** Action item **
The required output is the exact run of lines in the listing below from the line holding "L'app di traduzione" through the line holding "Les soldes de", with no pictures.

** Data provided **
Start of Block

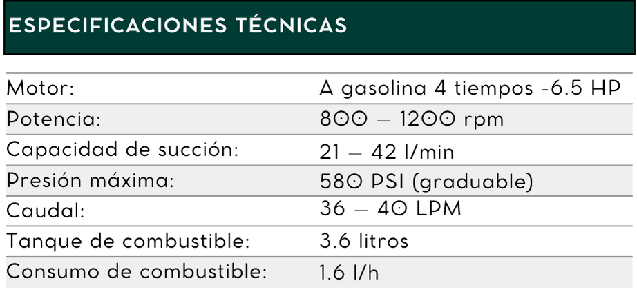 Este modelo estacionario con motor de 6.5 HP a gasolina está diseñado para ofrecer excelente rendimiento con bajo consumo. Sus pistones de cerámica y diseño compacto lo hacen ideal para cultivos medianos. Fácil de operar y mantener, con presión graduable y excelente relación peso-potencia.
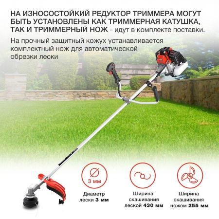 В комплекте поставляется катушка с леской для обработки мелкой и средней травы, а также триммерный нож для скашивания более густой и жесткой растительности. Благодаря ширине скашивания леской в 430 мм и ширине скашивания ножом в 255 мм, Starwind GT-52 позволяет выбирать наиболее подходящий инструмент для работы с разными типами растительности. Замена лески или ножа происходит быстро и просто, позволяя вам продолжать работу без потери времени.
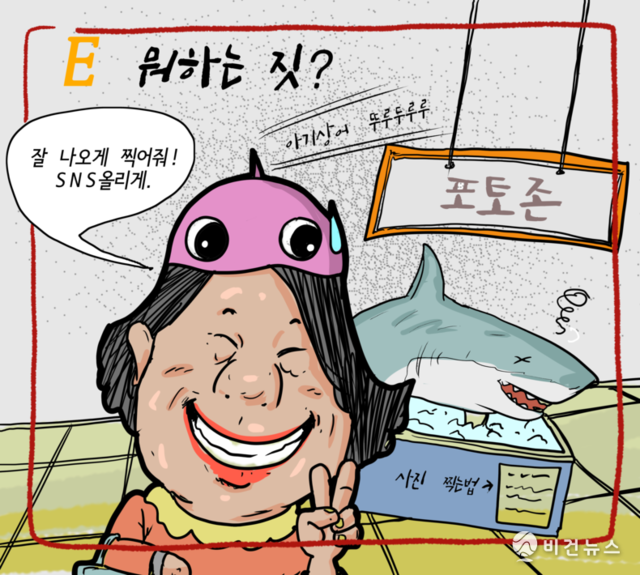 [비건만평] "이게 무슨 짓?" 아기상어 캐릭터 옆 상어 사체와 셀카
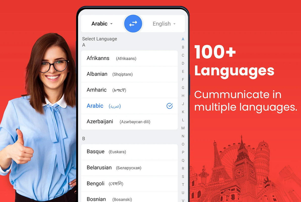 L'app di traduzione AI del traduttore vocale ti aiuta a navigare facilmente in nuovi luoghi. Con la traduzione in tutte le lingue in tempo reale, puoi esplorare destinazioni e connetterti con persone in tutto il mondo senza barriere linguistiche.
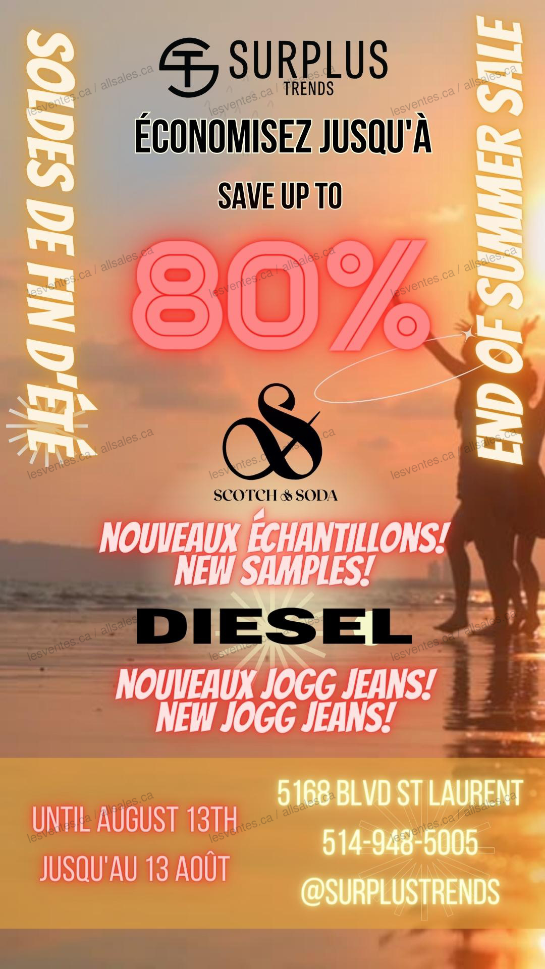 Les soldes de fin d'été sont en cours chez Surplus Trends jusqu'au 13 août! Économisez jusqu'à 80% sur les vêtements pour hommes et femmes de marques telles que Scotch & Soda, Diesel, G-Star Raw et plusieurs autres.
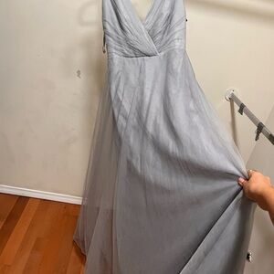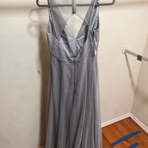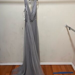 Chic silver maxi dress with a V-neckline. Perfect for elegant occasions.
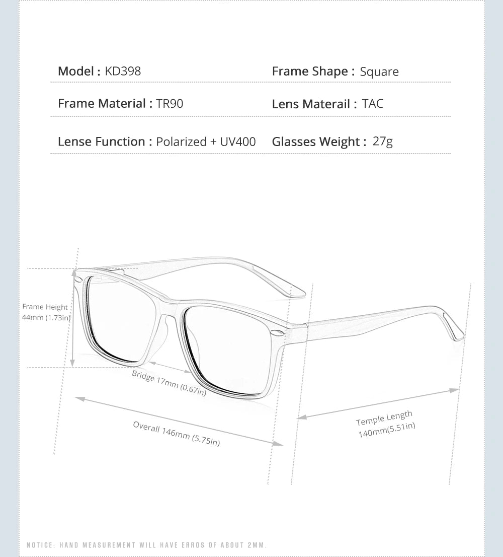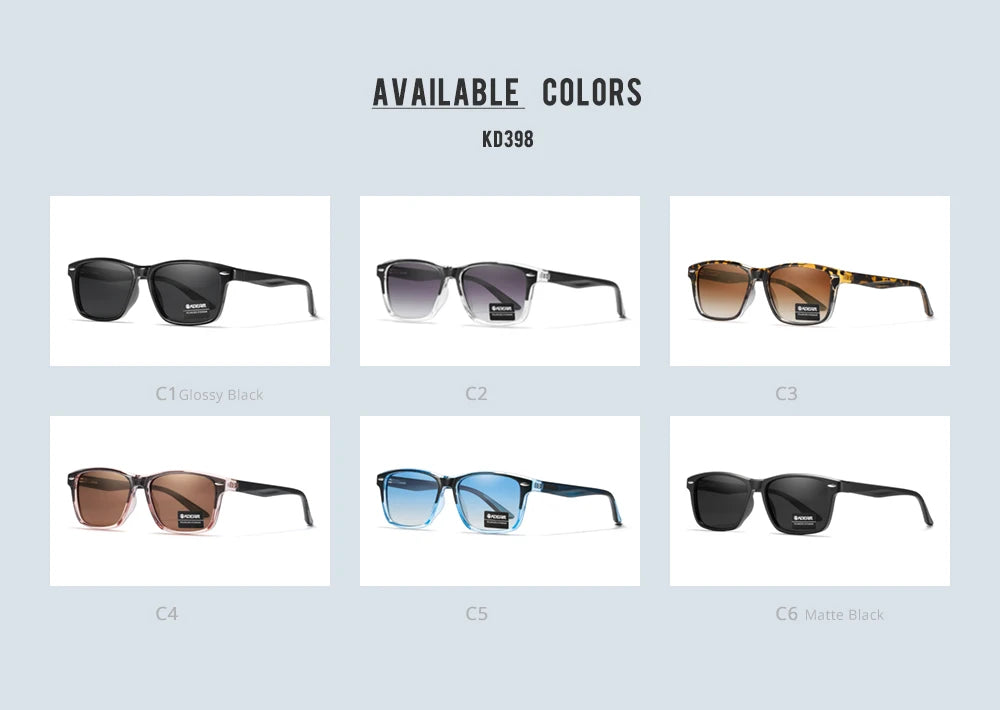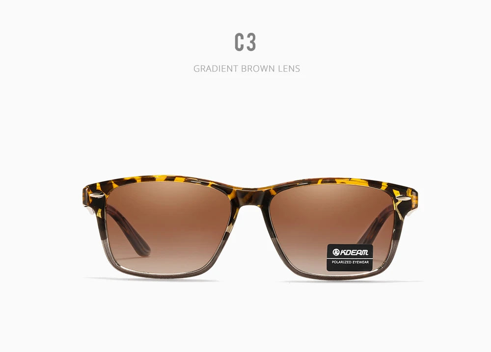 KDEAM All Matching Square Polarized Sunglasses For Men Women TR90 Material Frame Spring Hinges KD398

End of Block
Start of Block

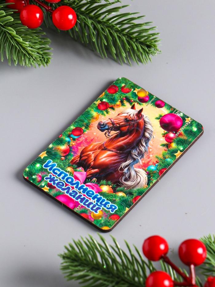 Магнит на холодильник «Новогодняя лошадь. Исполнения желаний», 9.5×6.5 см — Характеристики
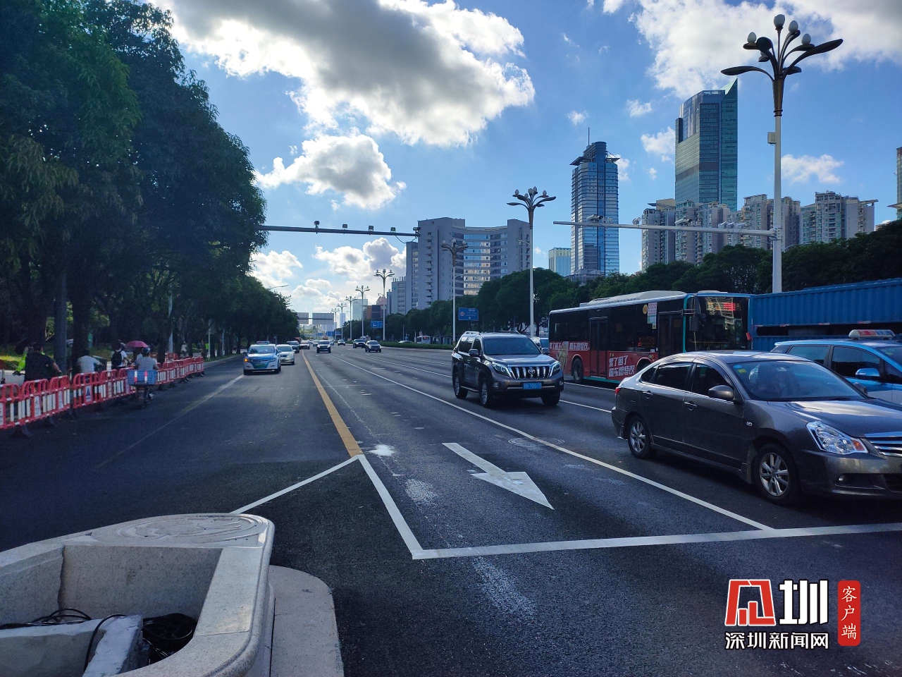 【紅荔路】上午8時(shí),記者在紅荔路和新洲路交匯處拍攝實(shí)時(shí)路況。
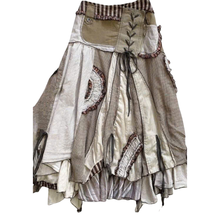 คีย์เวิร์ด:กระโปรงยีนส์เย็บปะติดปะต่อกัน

End of Block
Start of Block

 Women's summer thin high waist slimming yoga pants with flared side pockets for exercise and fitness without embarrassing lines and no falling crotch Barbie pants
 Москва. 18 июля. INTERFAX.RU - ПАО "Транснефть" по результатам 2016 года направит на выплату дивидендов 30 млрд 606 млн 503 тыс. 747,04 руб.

End of Block

** Answer **
 L'app di traduzione AI del traduttore vocale ti aiuta a navigare facilmente in nuovi luoghi. Con la traduzione in tutte le lingue in tempo reale, puoi esplorare destinazioni e connetterti con persone in tutto il mondo senza barriere linguistiche.
 Les soldes de fin d'été sont en cours chez Surplus Trends jusqu'au 13 août! Économisez jusqu'à 80% sur les vêtements pour hommes et femmes de marques telles que Scotch & Soda, Diesel, G-Star Raw et plusieurs autres.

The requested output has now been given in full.